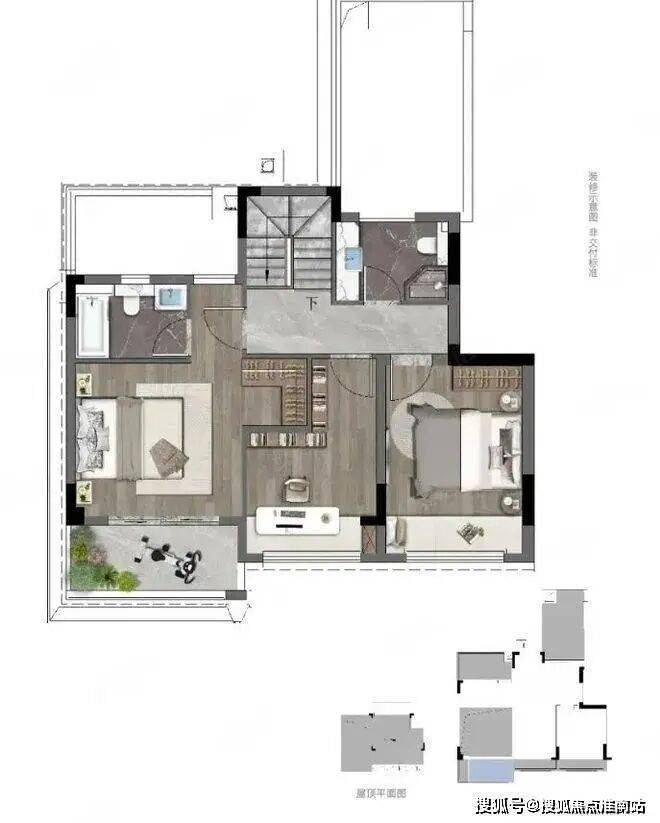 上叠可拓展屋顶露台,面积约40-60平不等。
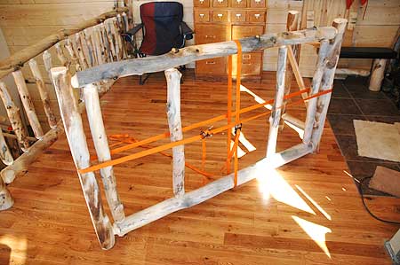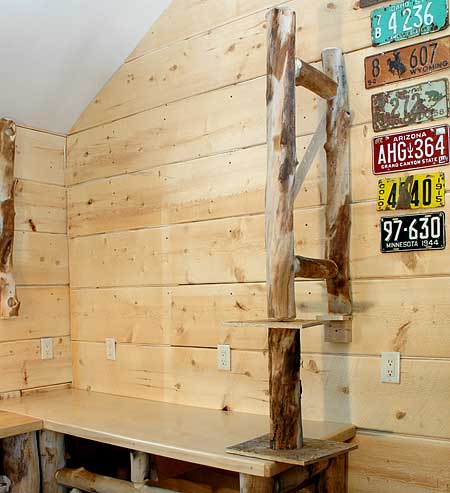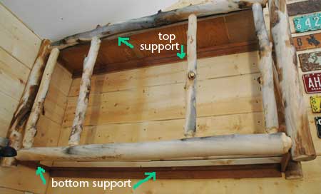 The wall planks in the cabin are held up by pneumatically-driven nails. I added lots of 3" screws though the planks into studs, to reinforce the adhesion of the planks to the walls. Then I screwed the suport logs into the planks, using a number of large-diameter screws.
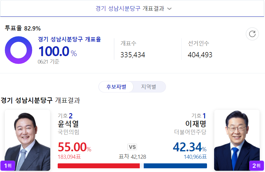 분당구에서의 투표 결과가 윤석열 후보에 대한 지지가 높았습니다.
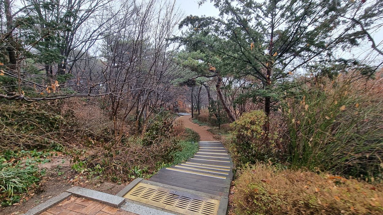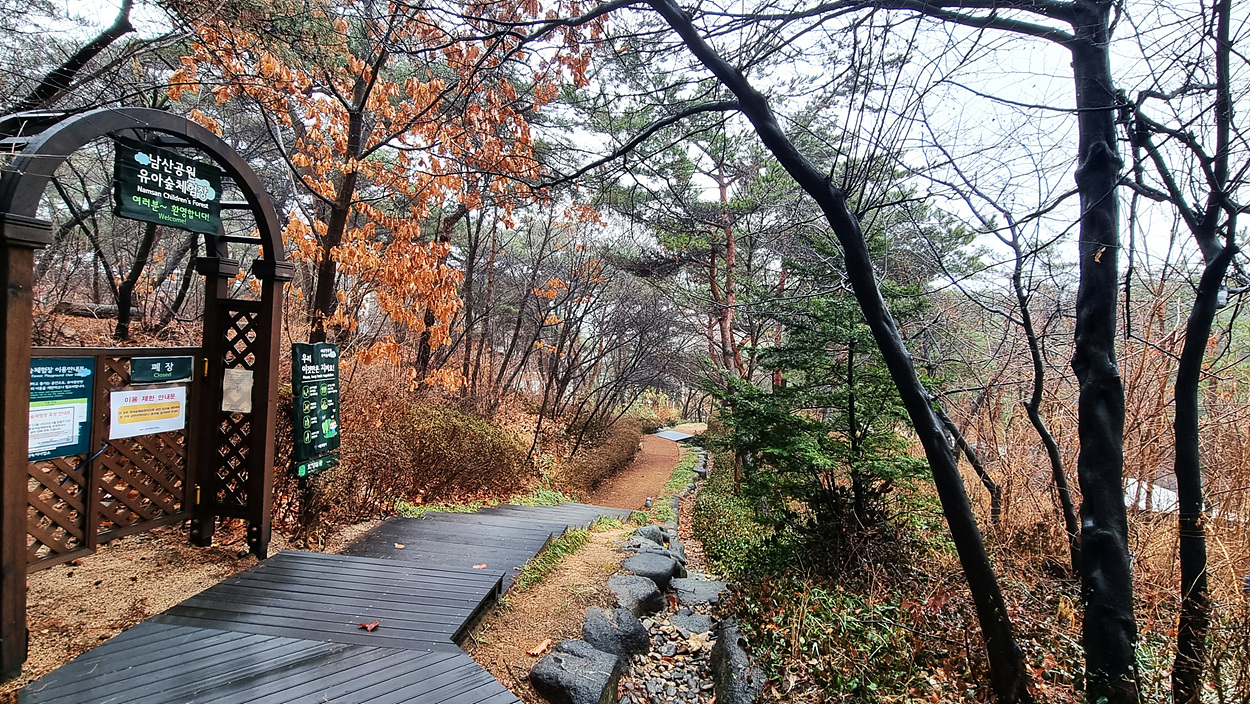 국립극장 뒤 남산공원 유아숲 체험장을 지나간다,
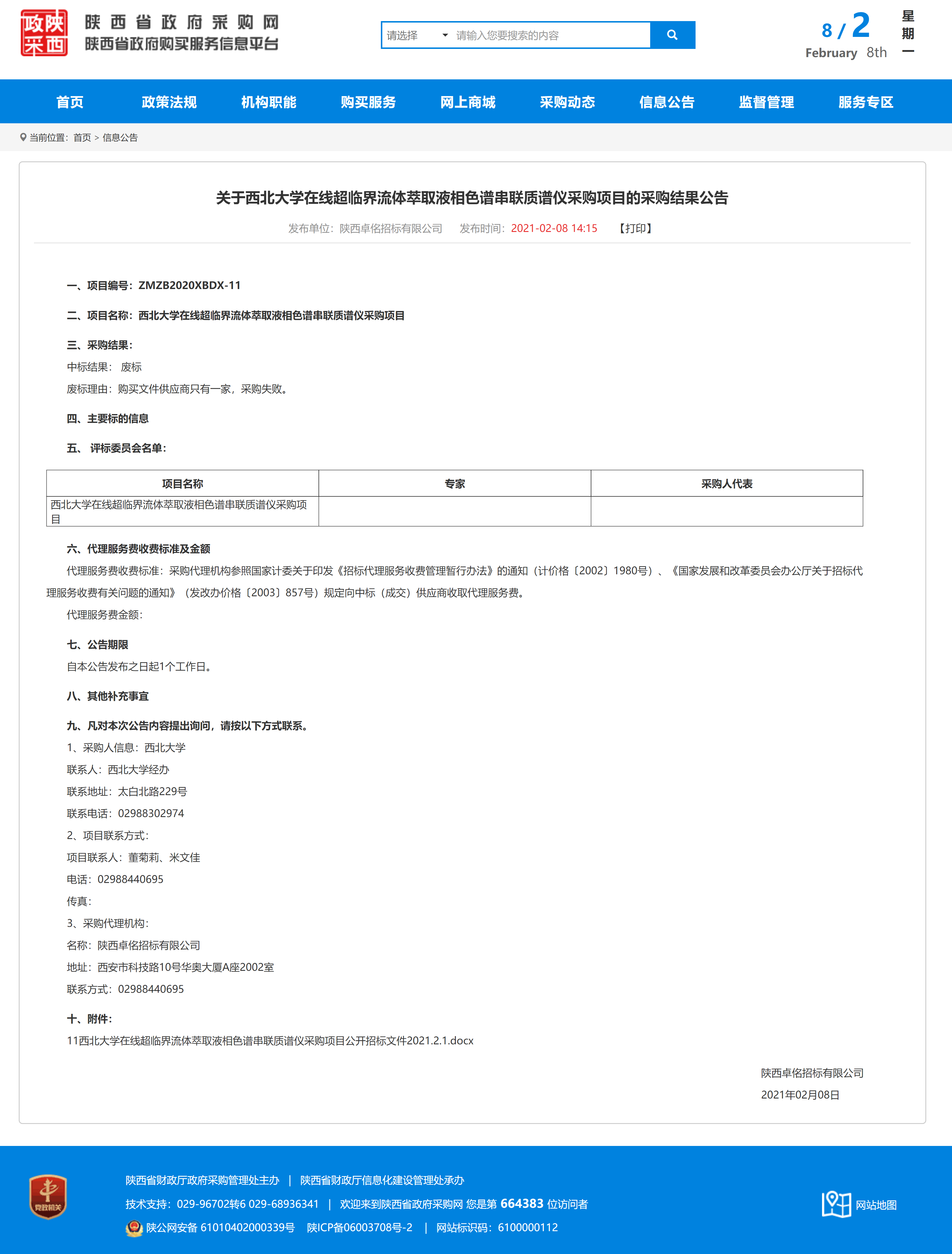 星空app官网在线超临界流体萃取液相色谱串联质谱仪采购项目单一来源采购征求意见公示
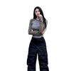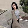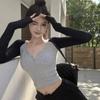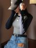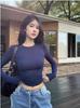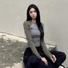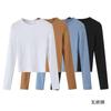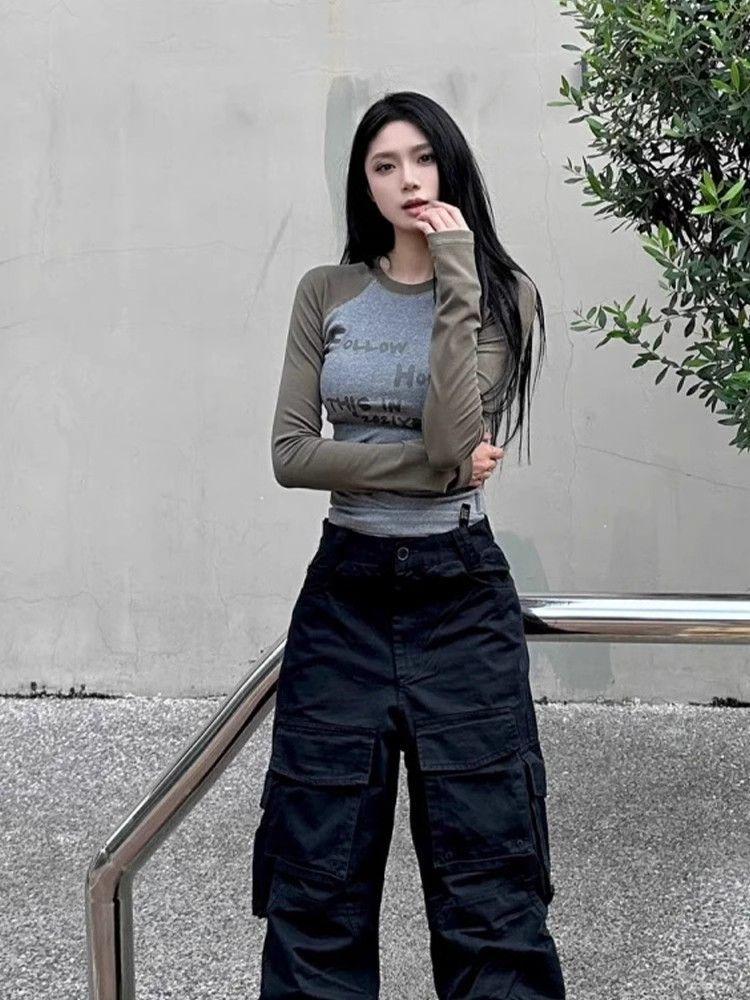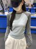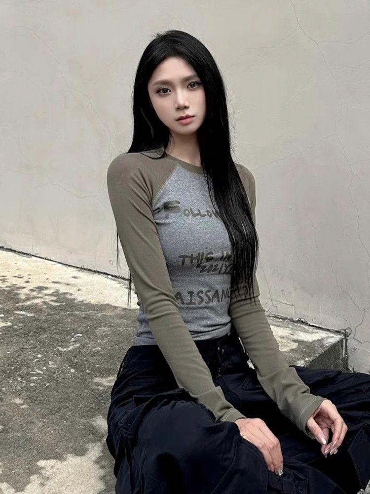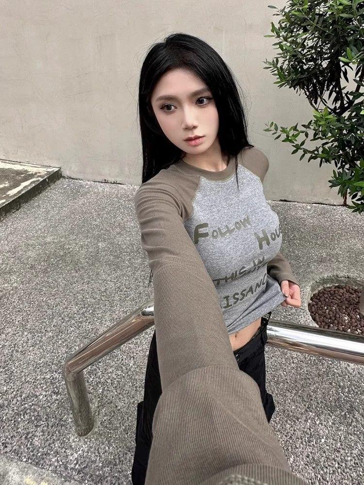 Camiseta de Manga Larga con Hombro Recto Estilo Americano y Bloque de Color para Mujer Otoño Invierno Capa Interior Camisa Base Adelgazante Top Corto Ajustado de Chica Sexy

---

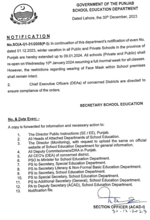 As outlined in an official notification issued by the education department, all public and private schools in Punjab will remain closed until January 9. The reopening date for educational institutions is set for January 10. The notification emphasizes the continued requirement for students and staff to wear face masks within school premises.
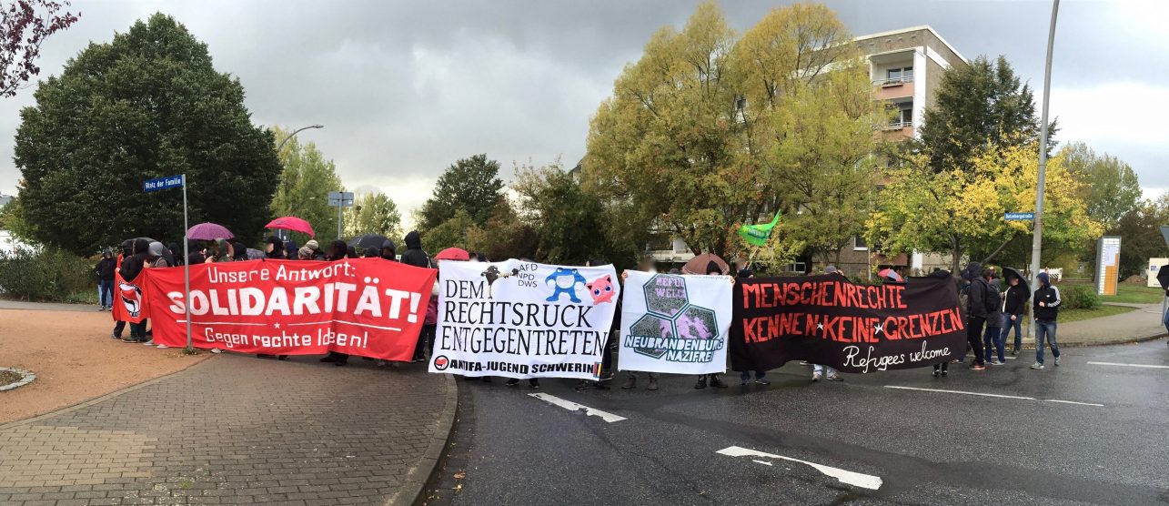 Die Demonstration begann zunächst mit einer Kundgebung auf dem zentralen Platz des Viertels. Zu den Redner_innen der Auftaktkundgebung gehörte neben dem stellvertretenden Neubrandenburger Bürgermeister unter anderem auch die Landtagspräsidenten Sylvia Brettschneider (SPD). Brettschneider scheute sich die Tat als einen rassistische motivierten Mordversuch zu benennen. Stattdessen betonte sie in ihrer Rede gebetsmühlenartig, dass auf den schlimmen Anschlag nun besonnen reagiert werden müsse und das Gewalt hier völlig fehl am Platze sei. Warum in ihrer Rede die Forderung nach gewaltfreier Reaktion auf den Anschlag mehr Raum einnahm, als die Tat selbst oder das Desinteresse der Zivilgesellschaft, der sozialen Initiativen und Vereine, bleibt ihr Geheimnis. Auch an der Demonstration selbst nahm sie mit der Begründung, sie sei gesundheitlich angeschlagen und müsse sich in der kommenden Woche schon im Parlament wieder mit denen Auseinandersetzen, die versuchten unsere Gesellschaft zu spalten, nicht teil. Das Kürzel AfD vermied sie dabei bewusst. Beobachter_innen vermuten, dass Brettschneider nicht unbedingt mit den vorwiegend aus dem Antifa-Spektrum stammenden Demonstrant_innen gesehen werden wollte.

**Instructions for the task**
Repeat exactly, and only, the entries from the line with "上叠可拓展屋顶露台,面积约40-60平不等。" through the line with "Camiseta de Manga". Pictures are skipped.

**Task result**
 上叠可拓展屋顶露台,面积约40-60平不等。
 The wall planks in the cabin are held up by pneumatically-driven nails. I added lots of 3" screws though the planks into studs, to reinforce the adhesion of the planks to the walls. Then I screwed the suport logs into the planks, using a number of large-diameter screws.
 분당구에서의 투표 결과가 윤석열 후보에 대한 지지가 높았습니다.
 국립극장 뒤 남산공원 유아숲 체험장을 지나간다,
 星空app官网在线超临界流体萃取液相色谱串联质谱仪采购项目单一来源采购征求意见公示
 Camiseta de Manga Larga con Hombro Recto Estilo Americano y Bloque de Color para Mujer Otoño Invierno Capa Interior Camisa Base Adelgazante Top Corto Ajustado de Chica Sexy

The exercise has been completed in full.